Does accumulate gradient strategy work with Adam opt?

To work with larger batch size in the limited GPU resource, we often use accumulate gradient strategy as follows:

optimizer.zero_grad()
loss_sum = 0
for  i in range(iter_size):
    loss = criterion(output, target_var) / iter_size
    loss.backward()
    loss_sum += loss
optimizer.step()

The stratgy often used in SGD. Does strategy will work if I use Adam optimizer?

Hi,
Yes it will work as this just change how you compute the gradients, nothing else. An optimizer like adam is agnostic to the way you obtained your gradients.

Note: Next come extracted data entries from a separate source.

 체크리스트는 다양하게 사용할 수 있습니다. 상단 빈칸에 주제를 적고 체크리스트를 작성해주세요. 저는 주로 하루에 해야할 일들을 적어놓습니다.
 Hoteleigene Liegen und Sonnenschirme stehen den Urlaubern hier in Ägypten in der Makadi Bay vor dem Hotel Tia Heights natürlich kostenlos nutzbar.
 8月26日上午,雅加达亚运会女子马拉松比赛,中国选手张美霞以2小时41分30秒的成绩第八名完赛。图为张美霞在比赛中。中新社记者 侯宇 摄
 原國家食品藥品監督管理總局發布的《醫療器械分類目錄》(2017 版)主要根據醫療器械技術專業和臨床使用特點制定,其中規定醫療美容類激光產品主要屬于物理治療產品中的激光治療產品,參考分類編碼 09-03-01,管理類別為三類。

In your code you want to do: loss_sum += loss.item() to make sure you do not keep track of the history of all your losses. .item() (or you could use .detach()) will break the graph and thus allow it to be freed from one iteration of the loop to the next.

1 Like

Thanks. So you meant

optimizer.zero_grad()
loss_sum = 0
for  i in range(iter_size):
    loss = criterion(output, target_var) / iter_size
    loss.backward()
    loss_sum += loss.item() # Change here
optimizer.step()

Yes exactly !
If you don’t do that, you can check that loss_sum is actually a Tensor that requires_gradient and so keep reference to all the computational graph that created it !

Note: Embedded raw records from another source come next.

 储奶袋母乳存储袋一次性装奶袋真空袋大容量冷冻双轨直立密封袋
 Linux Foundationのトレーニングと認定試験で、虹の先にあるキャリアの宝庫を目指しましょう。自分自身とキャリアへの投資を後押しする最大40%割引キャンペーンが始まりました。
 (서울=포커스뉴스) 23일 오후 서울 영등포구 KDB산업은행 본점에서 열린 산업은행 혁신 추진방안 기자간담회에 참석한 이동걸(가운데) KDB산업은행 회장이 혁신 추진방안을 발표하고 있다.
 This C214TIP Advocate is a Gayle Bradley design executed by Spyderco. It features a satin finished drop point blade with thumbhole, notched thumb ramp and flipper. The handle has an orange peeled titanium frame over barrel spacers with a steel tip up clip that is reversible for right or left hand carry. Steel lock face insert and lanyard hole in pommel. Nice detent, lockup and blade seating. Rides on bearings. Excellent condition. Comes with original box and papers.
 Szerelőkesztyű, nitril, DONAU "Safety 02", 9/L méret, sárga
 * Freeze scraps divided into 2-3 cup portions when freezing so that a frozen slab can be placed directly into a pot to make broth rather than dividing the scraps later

Got it. Just small thing, Do you think divide the loss by iter_size inside or outside of loop? I mean

for  i in range(iter_size):
    loss = criterion(output, target_var) / iter_size
    loss.backward()
    loss_sum += loss.item() # Change here

or

for  i in range(iter_size):
    loss = criterion(output, target_var) 
    loss.backward()
    loss_sum += loss.item() # Change here
loss_sum = loss_sum / iter_size

In the first case, the gradients will be rescaled but not in the second case (because in the second case you do the op after the computation of the gradients.
So in the second case you will need to rescale your learning rate potentially?

Thanks. This is my full code. It may help someone.

for epoch in range (max_epoch):
    for  iter in range(iter_size):
       for i, data in enumerate(trainloader):
            img, target_var = data
            output = net(img)
            loss = criterion(output, target_var) 
            loss.backward()
            loss_sum += loss.item() # Change here
       loss_sum = loss_sum / iter_size